Q: How can appropriate use of pulse oximeters be improved?
A: Thorough training for health workers is necessary. There are times when the health worker puts the probe on the child’s finger when the child is screaming and wiggling. Maybe they get a bit of a signal on the monitor, 89% flashes a couple of times, and the health worker takes the probe off the child. Then they record the reading as 89%. Now that’s an inaccurate reading. Doing pulse oximetry on a very sick child is not trivial. It has to be done properly. You have to have a continuous signal, and you have to have a proper pulse picked up by the probe and appear on the monitor, before you can consider the pulse oximeter is providing an accurate reading of the oxygen in the blood.
Q: How can these lessons learned be applied to other pneumonia strategies?

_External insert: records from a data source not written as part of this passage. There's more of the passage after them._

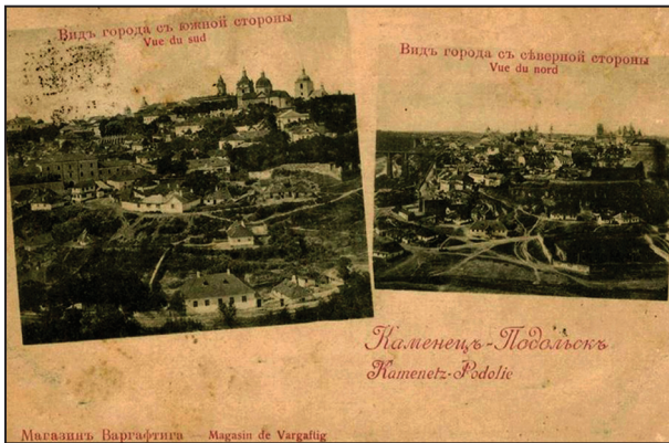
Рис. 5. Каменець-Подольськь (Kamenetz-Podolie). Видъ города съ южной стороны (Vue du sud), Видъ города съ северной стороны (Vue du nord). Б.м.: Магазинъ Варгафтига (Magasin de Vargaftig), [1899]

Друга поштівка з цієї серії відображала місто з південного та північно-боків (рис. 5). Відповідно до маркування та маршрута вона була відправлена з Варшави (14.V.1900) через Париж (2 el 29. AI. 00) у французький муніципалітет Бар-ле-Дюк (2 el 30. AI. 00) (рис. 6) 11 .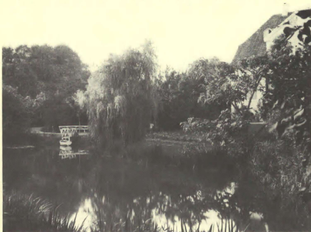
Søen var havens midtpunkt, og omkring den spadserede vi alle på den daglige havevandring efter middagen.

»Når jeg nu tager fat på at beskrive min barndoms have, er det, fordi spørgelisten så stærkt tilskynder mig til det. Den nævner mange ting og forhold, der indtil nu har været ganske selvfølgelige og derfor ret betydningsløse i større sammenhæng. Nu tillægges de pludselig en betydning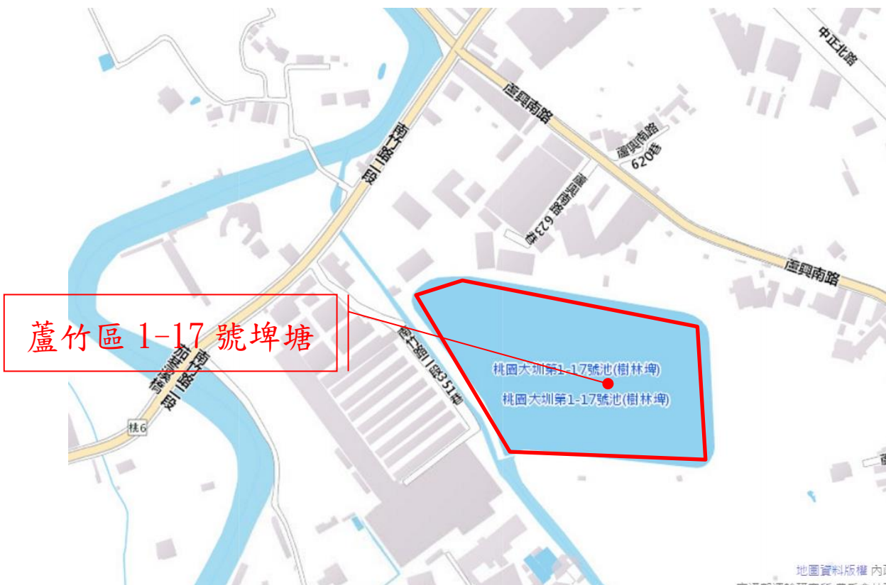
圖一 蘆竹區 1-17 號埤塘位置圖

三. 蘆竹區 2-11 號埤塘，本局將再次辦理現場會勘，訂於 106 年 3 月 24 日。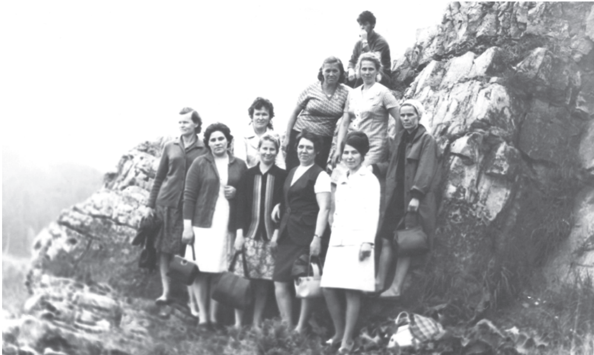
1972 г. Санаторий «Курьи» Сухоложского района. Знакомство с территорией санатория.

A: Many of the challenges with pulse oximetry are shared by other simple, lifesaving tools and interventions, like vaccines, which may be much harder to put into practice in low-income settings. Continued work on access, quality and training will bridge the gap between strategies that we know work and putting them in action.
Kim Mulholland, MBBS, FRACP, MD, is a professor of child health and vaccinology at the London School of Hygiene and Tropical Medicine. Mulholland also holds professorial posts at Murdoch Children’s Research Institute in Melbourne and the Menzies School of Health Research in Darwin. In 2016, he published the first edition of the textbook, Pneumonia in Children: Epidemiology, Prevention and Treatment.
Innovations: Pulse Oximetry and Oxygen Therapy
Children die from pneumonia commonly because their lungs are unable to perform their main job— delivering enough oxygen to the other organs of their body. Without a way to test children for the amount of oxygen in their blood, health care workers do not know which children need treatment with oxygen and, even if they did, oxygen is often not available.
Pulse oximeters are noninvasive devices that a trained health worker uses to measure the oxygen level in the blood. The measurements are made without drawing blood from the child. Instead a probe is placed on a child’s finger or toe, or in some small babies on the ear lobe. Normal pulse oximeter levels should be 96% or higher. A reading below 90% indicates hypoxemia—a condition in which there is a deficiency of oxygen in the blood associated with severe pneumonia. Administering oxygen can bring the level up to normal ranges and help to stabilize the infant, as antibiotics and other supportive treatment are administered.